Der Beirat aus Vertretern von Verbänden und Unternehmen soll die Gutachter bei seiner Arbeit begleiten. Er hat sich am 30. Januar konstituiert. Die erste Sitzung fand im Bundeswirtschaftsministerium statt. Der Beirat wird aktiv bei der Erstellung des Digitalisierungsbarometers mitwirken, um möglichst umfassende und aktuelle Daten und Informationen zur Digitalisierung der Energiewende zur Verfügung zu stellen. Zudem soll er gewährleisten, dass die Perspektive der von der Einführung intelligenter Messsysteme betroffenen Interessensgruppen in das Projekt einfließen.

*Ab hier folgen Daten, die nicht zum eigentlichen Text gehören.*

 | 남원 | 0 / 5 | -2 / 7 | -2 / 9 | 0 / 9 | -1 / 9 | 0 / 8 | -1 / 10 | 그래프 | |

Dabei decken die insgesamt 40 Beiratsmitglieder von der Hersteller-, über die Zulieferer- und Dienstleistersicht, die Perspektiven der Energieversorgung bis hin zur Verbraucherseite ab.

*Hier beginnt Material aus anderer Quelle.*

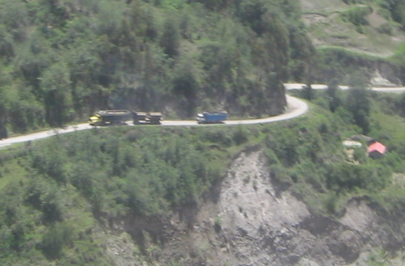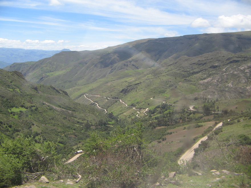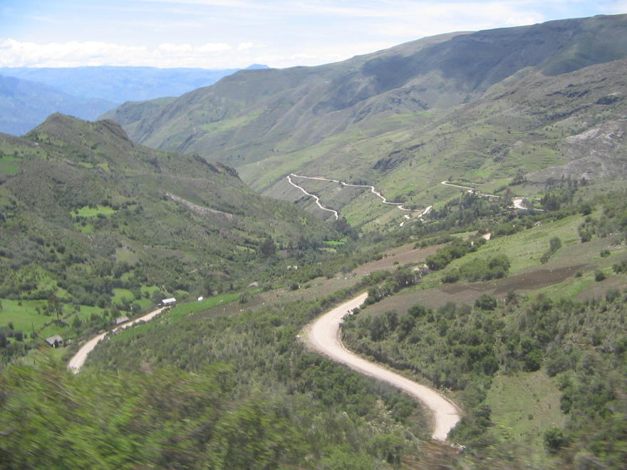 In diesem Streckenabschnitt zwischen Ocros und Chumbes waren einige "Todeskurven" anzutreffen, die ohne jegliches Geländer oder Poller praktisch senkrecht nach unten führen, wenn die Kurve verpasst wird.

Mit dem 2016 in Kraft getretenen Gesetz zur Digitalisierung der Energiewende hat die Bundesregierung einen wichtigen Schritt für das Gelingen der Energiewende gemacht. Das „Barometer Digitalisierung Energiewende“ wird begleitend als Fortschrittsmesser jährlich die Umsetzung der Energiewende abbilden und bewerten. Die drei Gutachten sollen im Laufe des Jahres 2018 erscheinen und befassen sich mit folgenden Themen:

  1. Verbraucher und Geschäftsmodelle: Wie kann man die Verbraucher stärker motivieren, an der Energiewende teilzunehmen? Welche Geschäftsmodelle bieten sich an und lassen sich ausländische Geschäftsmodelle auf Deutschland übertragen?
  2. Flexibilisierung: Wie kann man die fluktuierende erneuerbare Einspeisung mit der zunehmend flexibleren Nachfrage zusammenbringen und dabei den Verteilnetzausbau effizient begrenzen? Wie kann man entsprechende Marktregeln und -prozesse hierfür aufbauen?
  3. Telekommunikationsinfrastruktur: Welche TK-Infrastruktur steht zur Verfügung und welche wird benötigt?

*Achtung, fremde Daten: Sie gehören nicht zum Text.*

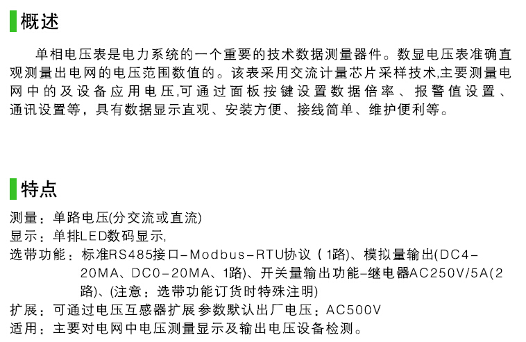 PD204U-9K1智能單相電壓表采用交流采樣技術(shù)真有效值測(cè)量,能同時(shí)測(cè)量顯示電網(wǎng)中的單相電壓0到450V,可通過面板按鍵設(shè)置編程及 倍率,性價(jià)比極高。具有安裝方便、接線簡單、維護(hù)便利、工程量小、現(xiàn)場可編程設(shè)置輸入?yún)?shù)等特點(diǎn),可擴(kuò)展帶485通訊協(xié)議

EY Partner Dr. Frank Fleischle: „Mit dem Digitalisierungs-Barometer wollen wir Spiegel und Motor der Energiewende sein. Wir schauen uns an, wo wir stehen. Wir wollen aber gleichzeitig auch Impulse setzen. Denn die Nutzung aller Möglichkeiten, die die Digitalisierung bietet, ist mitentscheidend für das Gelingen der Energiewende. Und das wiederum kann nur gelingen, wenn die verschiedenen Interessensgruppen von Anfang an über den Beirat ihre jeweilige Perspektive in das Projekt einfließen lassen können. EY bringt seine reichhaltige Erfahrung bei der Entwicklung und Umsetzung von neuen digitalen Geschäftsmodellen im Energiebereich und angrenzenden Gebieten wie Smart Home oder Elektromobilität sowie seine Expertise bei Regulierungsthemen ein.“

B E T-Gründer und Generalbevollmächtigter Dr. Wolfgang Zander: „Das effiziente Zusammenwirken von Markt und Verteilnetzen beim Einsatz flexibler Nachfrager ist eine der Kernaufgaben für das Gelingen der Energiewende. Wir werden herausarbeiten, wie digitalisierte, intelligente Verteilnetze diese Aufgabe bewältigen können, welche technischen und organisatorischen Voraussetzungen geschaffen werden müssen und welche Anpassungen im Regulierungsrahmen sowie bei den Marktprozessen erforderlich sind. In diesem komplexen Umfeld werden wir darauf achten, dass effiziente und praxistaugliche Lösungen für alle Marktteilnehmer erarbeitet werden“

WIK-Geschäftsführerin Dr. Iris Henseler-Unger: „Digitalisierung und der Einsatz von Kommunikationstechnologien sind konkrete Notwendigkeiten, um die Herausforderungen der Energiewende bewältigen zu können. Ohne eine leistungsfähige und hochverfügbare Telekommunikationsinfrastruktur wird die Transformation der Energiewirtschaft nicht gelingen. Wir werden analysieren, welche TK-Infrastrukturen notwendig sind, um die Energiewende nachhaltig zu unterstützen. Ebenso werden wir aufzeigen, wie die TK-Regulierung verändert werden sollte, um passgenaue TK-Lösungen für die Energiewirtschaft zu ermöglichen.